Около него стоял и мял в руках свою шапку генеральшин работник Моисей, парень лет 25-ти, худой, рябоватый, с маленькими наглыми глазами; одна щека у него была больше другой, точно он отлежал ее.
— Вы, ваше высокоблагородие, изволили покупать без мебели, — нерешительно проговорил он. — Я помню-с.
— Замолчать! — крикнул инженер, побагровел, затрясся, и эхо в саду громко повторило его крик.
XII
Когда я делал что-нибудь в саду или на дворе, то Моисей стоял возле и, заложив руки назад, лениво и нагло глядел на меня своими маленькими глазками. И это до такой степени раздражало меня, что я бросал работу и уходил.

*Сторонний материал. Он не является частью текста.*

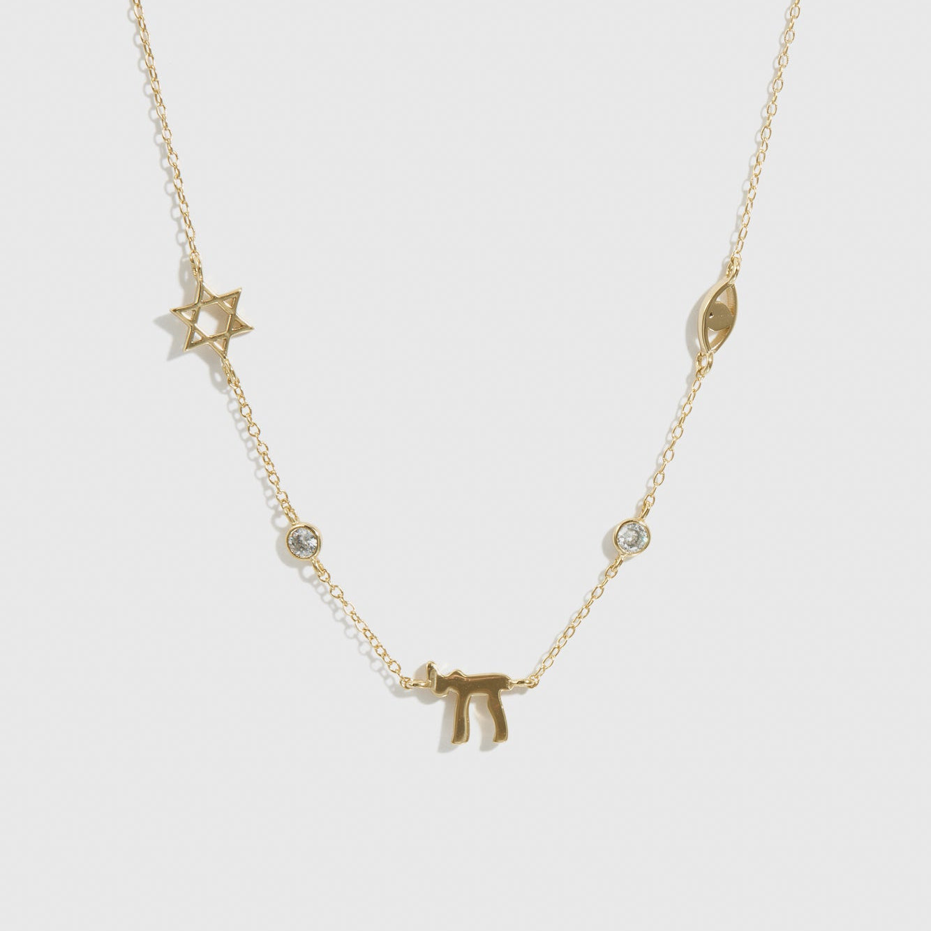 A refined necklace uniting the Star of David and Chai symbol in delicate form.

От Степана мы узнали, что этот Моисей был любовником у генеральши. Я заметил, что когда к ней приходили за деньгами, то сначала обращались к Моисею, и раз я видел, как какой-то мужик, весь черный, должно быть, угольщик, кланялся ему в ноги; иногда, пошептавшись, он выдавал деньги сам, не докладывая барыне, из чего я заключил, что при случае он оперировал самостоятельно, за свой счет.

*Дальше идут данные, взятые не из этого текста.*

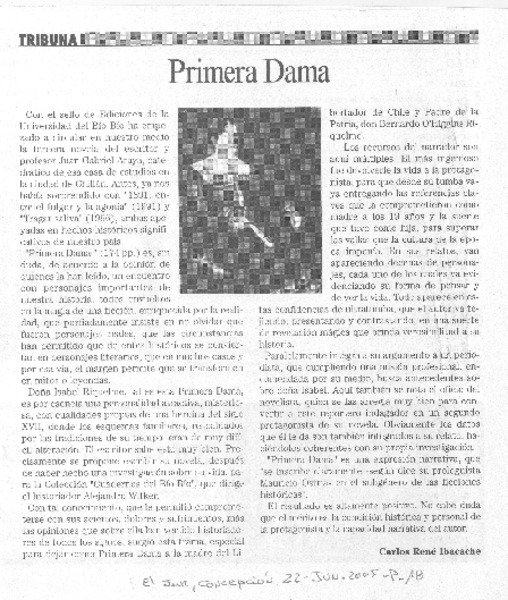 Primera Dama [artículo] Carlos René Ibacache

Он стрелял у нас в саду под окнами, таскал из нашего погреба съестное, брал, не спросясь, лошадей; а мы возмущались, переставали верить, что Дубечня наша, и Маша говорила, бледнея:
— Неужели мы должны жить с этими гадами еще полтора года?
Сын генеральши, Иван Чепраков, служил кондуктором на нашей дороге. За зиму он сильно похудел и ослабел, так что уже пьянел с одной рюмки и зябнул в тени. Кондукторское платье он носил с отвращением и стыдился его, но свое место считал выгодным, так как мог красть свечи и продавать их. Мое новое положение возбуждало в нем смешанное чувство удивления, зависти и смутной надежды, что и с ним может случиться что-нибудь подобное. Он провожал Машу восхищенными глазами, спрашивал, что я теперь ем за обедом, и на его тощем, некрасивом лице появлялось грустное и сладкое выражение, и он шевелил пальцами, точно осязал мое счастье.
— Послушай, маленькая польза, — говорил он суетливо, каждую минуту закуривая; там, где он стоял, было всегда насорено, так как на одну папиросу он тратил десятки спичек. — Послушай, жизнь у меня теперь подлейшая. Главное, всякий прапорщик может кричать: «ты кондуктор! ты!» Понаслушался я, брат, в вагонах всякой всячины и, знаешь, понял: скверная жизнь! Погубила меня мать! Мне в вагоне один доктор сказал: если родители развратные, то дети у них выходят пьяницы или преступники. Вот оно что!